> [Exercise directions]:
I'd ask you to write out the lines below exactly, with no images.

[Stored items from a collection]
######

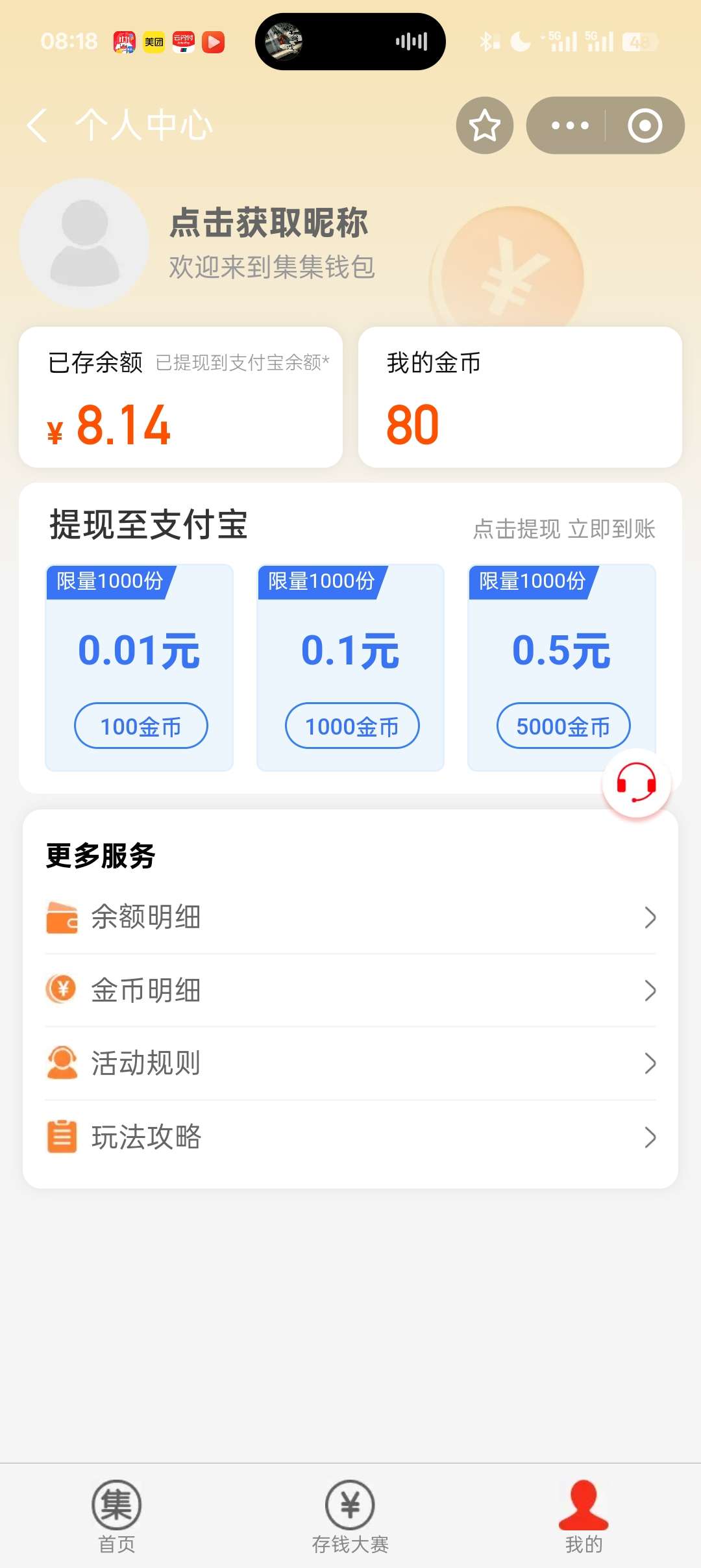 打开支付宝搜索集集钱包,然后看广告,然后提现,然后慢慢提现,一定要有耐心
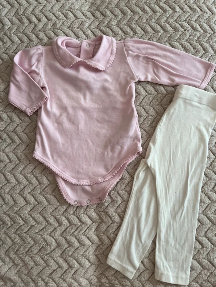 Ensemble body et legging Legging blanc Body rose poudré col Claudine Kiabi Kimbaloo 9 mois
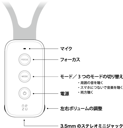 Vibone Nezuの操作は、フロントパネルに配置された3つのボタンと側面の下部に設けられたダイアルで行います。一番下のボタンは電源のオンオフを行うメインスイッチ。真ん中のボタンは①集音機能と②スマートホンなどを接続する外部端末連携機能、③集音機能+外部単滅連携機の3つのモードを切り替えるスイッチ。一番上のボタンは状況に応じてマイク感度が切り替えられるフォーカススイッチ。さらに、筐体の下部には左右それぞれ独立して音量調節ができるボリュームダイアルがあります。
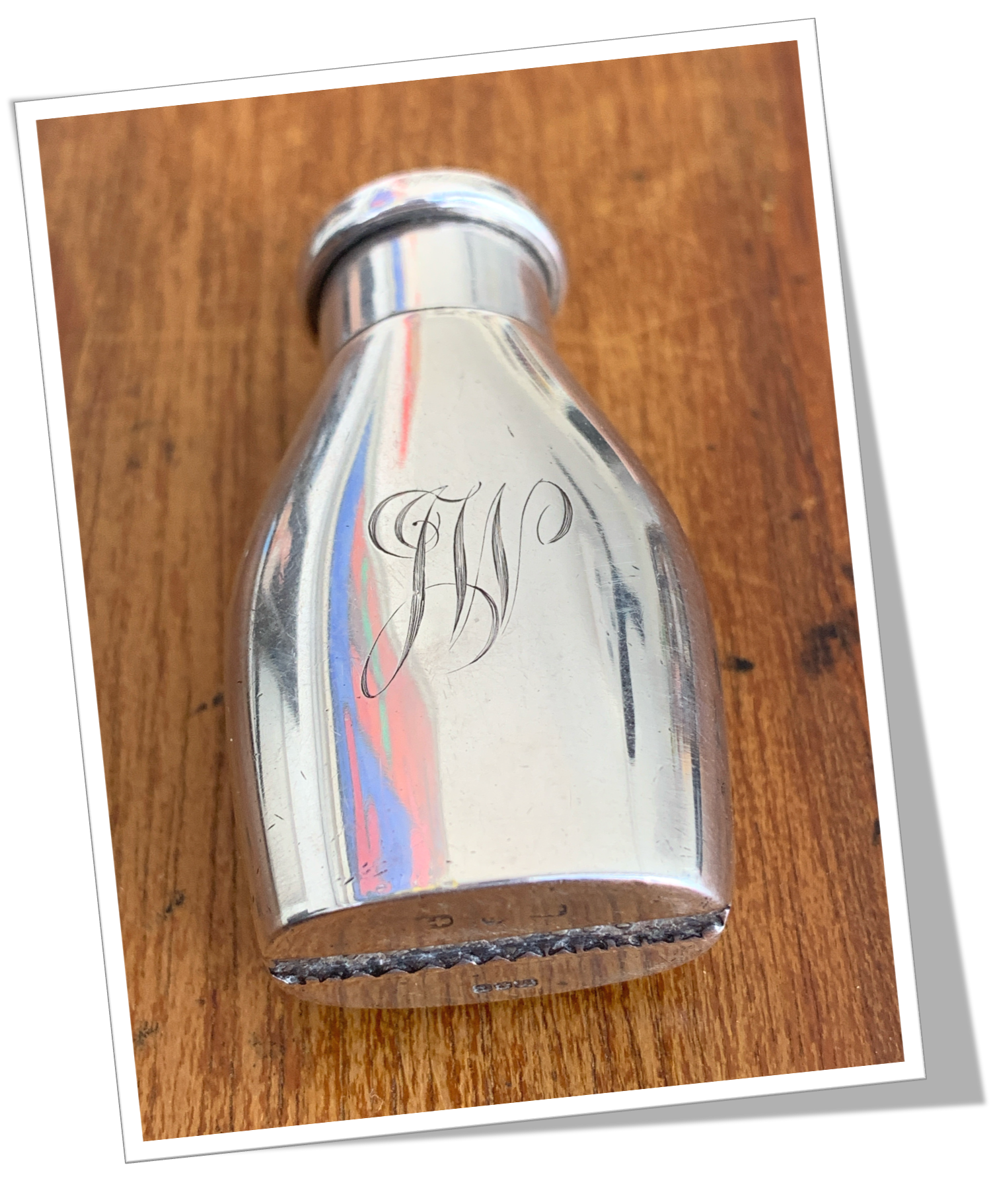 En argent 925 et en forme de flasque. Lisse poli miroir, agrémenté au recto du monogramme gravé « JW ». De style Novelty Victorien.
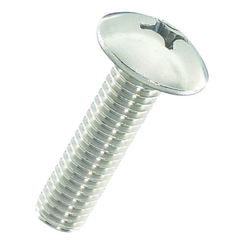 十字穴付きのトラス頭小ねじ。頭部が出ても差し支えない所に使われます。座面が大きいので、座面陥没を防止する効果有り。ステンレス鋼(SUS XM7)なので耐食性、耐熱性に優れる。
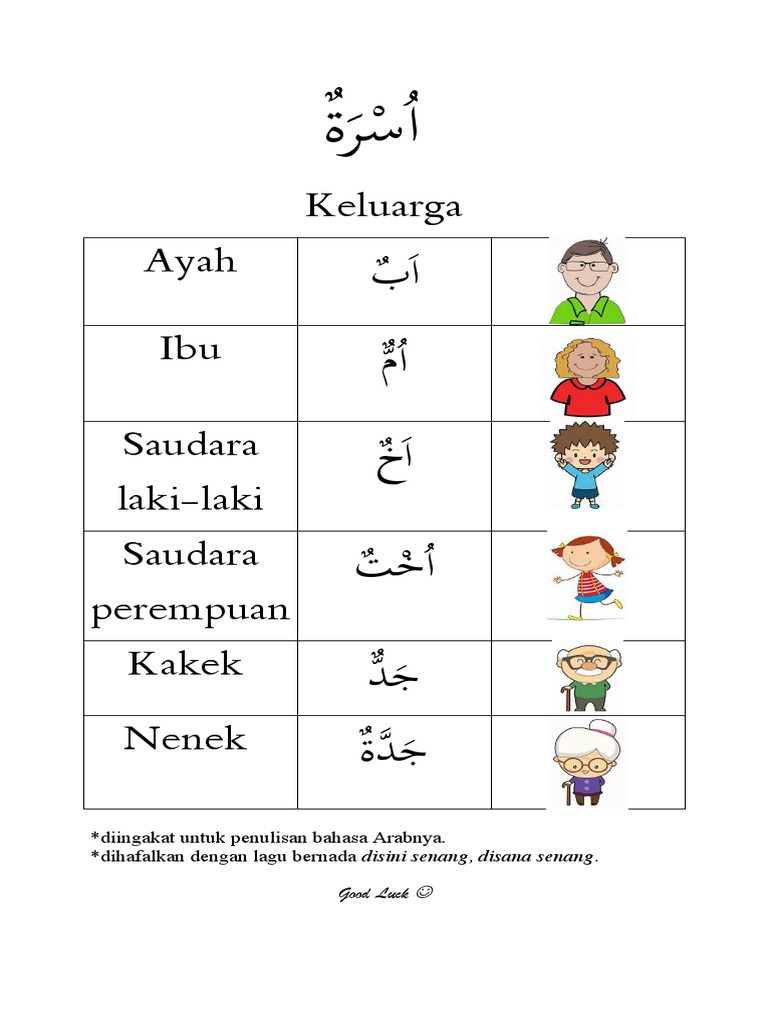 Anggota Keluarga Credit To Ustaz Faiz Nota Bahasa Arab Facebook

######

> [Solved exercise]:
 打开支付宝搜索集集钱包,然后看广告,然后提现,然后慢慢提现,一定要有耐心
 Ensemble body et legging Legging blanc Body rose poudré col Claudine Kiabi Kimbaloo 9 mois
 Vibone Nezuの操作は、フロントパネルに配置された3つのボタンと側面の下部に設けられたダイアルで行います。一番下のボタンは電源のオンオフを行うメインスイッチ。真ん中のボタンは①集音機能と②スマートホンなどを接続する外部端末連携機能、③集音機能+外部単滅連携機の3つのモードを切り替えるスイッチ。一番上のボタンは状況に応じてマイク感度が切り替えられるフォーカススイッチ。さらに、筐体の下部には左右それぞれ独立して音量調節ができるボリュームダイアルがあります。
 En argent 925 et en forme de flasque. Lisse poli miroir, agrémenté au recto du monogramme gravé « JW ». De style Novelty Victorien.
 十字穴付きのトラス頭小ねじ。頭部が出ても差し支えない所に使われます。座面が大きいので、座面陥没を防止する効果有り。ステンレス鋼(SUS XM7)なので耐食性、耐熱性に優れる。
 Anggota Keluarga Credit To Ustaz Faiz Nota Bahasa Arab Facebook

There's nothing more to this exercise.